Riding a horse is one issue, looking after a horse is another, training a horse to ride is a very different issue altogether - especially a horse which has been negelected. What is required in taking on what sounds to be an abandoned horse calls for sensitive expertise. Somewhere along the line an issue will present itself in the behaviour of the horse which will relate to the horse's period of neglect. So you have to learn how to wipe the slate clean.

First - do not rush to mount up - Rome was not built in a day.
Before you mount the horse must trust you and that comes about by your gentle handling on the ground. The horse must accept the head collar (not the bit) - and it must walk at your side, at your pace, without pulling against you.
You must create a training arena - flat, sandy, level, fenced. That's where the horse goes to work. The arena is where you learn to communicate with the animal - by touch, by feel, by voice, by posture.
For the first few sessions, you work on the horse in hand, your head by its head.
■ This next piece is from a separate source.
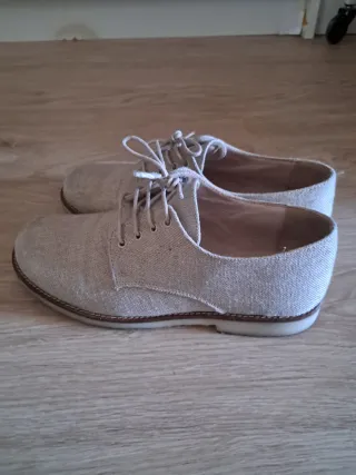 Elegantes zapatos de lino para niño, perfectos para celebraciones como la comunión. Su diseño combina comodidad y estilo. Se usaron solo el día de la comunión. Costaron 65€ - Material exterior de lino. - Cordones de ajuste en color beige. - Suela de goma para mayor durabilidad.

The horse will learn your smell, touch and walk. You teach it to walk, stop and stand at your command.

A neglected horse will be under muscled. You must work it from the ground to help build up those muscles. Eventually you must learn how to lunge it from the centre of the arena on a long lead rope attached preferably to a training cavesson which works on the bridge of the nose.
You will teach it to walk on, to trot on, to canter on, and to woah and stand. In lunging the horse, you will not only show it how to obey your commands, but you will also be exercising it. And you will be starting to form a bond with it. One day you will introduce a mild training bit. One day you will strap on a saddle. One day you will mount up.

If you simply stuff a bit in its mouth, slap a saddle on its back and mount up, you will merely reinforce the innate fears the animal has of humans.
It is not ready to be ridden until you have learned to communicate with it.
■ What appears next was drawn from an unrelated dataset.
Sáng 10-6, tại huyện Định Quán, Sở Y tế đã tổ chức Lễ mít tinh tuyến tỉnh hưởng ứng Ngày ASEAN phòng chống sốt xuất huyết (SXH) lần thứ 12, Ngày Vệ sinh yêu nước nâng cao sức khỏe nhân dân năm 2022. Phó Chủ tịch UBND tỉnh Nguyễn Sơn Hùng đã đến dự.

The pace of your training is decided by the horse's progress - not your human time scale.

One thread on HF will not give you all the answers you need. but if you look through the threads already posted on the horse training forum about how to back and ride a neglected horse, you will start to get an idea of just how much you have to learn.
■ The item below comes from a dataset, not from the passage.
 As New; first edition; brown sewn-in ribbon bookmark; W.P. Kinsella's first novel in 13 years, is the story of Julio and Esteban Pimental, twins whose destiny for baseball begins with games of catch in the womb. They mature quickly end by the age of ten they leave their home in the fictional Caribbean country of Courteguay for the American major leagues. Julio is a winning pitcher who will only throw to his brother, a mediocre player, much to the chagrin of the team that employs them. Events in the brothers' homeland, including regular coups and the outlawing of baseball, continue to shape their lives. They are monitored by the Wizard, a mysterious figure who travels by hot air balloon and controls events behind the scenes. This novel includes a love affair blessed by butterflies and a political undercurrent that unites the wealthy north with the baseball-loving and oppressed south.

Be patient. Ask questions. Watch.

At the beginning the horse seeks: food, shelter and security. It craves for routine and familiarity. Groom it and pick its feet out every day - preferably at the same time. Feed it every day - but according to need.
Talk with it. Play with it. Get to know it.

The day it starts to look up when you enter its paddock and it walks towards you, you'll know you are on the right road. 

Of course at some time, the farrier needs to come to check its feet, the dentist needs to come to rasp its teeth and the vet needs to come to give it a once over and to innoculate it. But that's going to cost - but it is important to do. 

Enjoy your new horse but take your time.


----------



## xxBarry Godden (Jul 17, 2009)

Imims.
I reread your first post. You are talking: looks and 'me'

The horse doesn't care about looks and colour - that's you seeing that in due time with the right handling, the horse could look good. But will the animal feel good? Will it have confidence? Will it not be fearful?

As for your feelings, well if the horse comes right, if it responds to your treatment - then therein lies your reward. But the little chap has to feel safe, it has to feel wanted, it has to gain confidence. So you have to give it security and you have to show it the way to live with humans.

Your job as new owner is to get inside the animal's head. In that we Forum members can't help you. 

At this stage I don't put value on your riding ability. If you ever have to fight with the horse, then you have already lost the game. If your riding is good enough to feel the horse respond to your subtle aids then maybe one day you might come together. I hope you do.

This little chap has lost its TB mate. It needs to make new friends and therein is your chance - you can be one. But don't go loading the youngster with your human aims and desires. Just repair him. The horse just wants to live, eat and be sheltered from the elements. It seeks routine. 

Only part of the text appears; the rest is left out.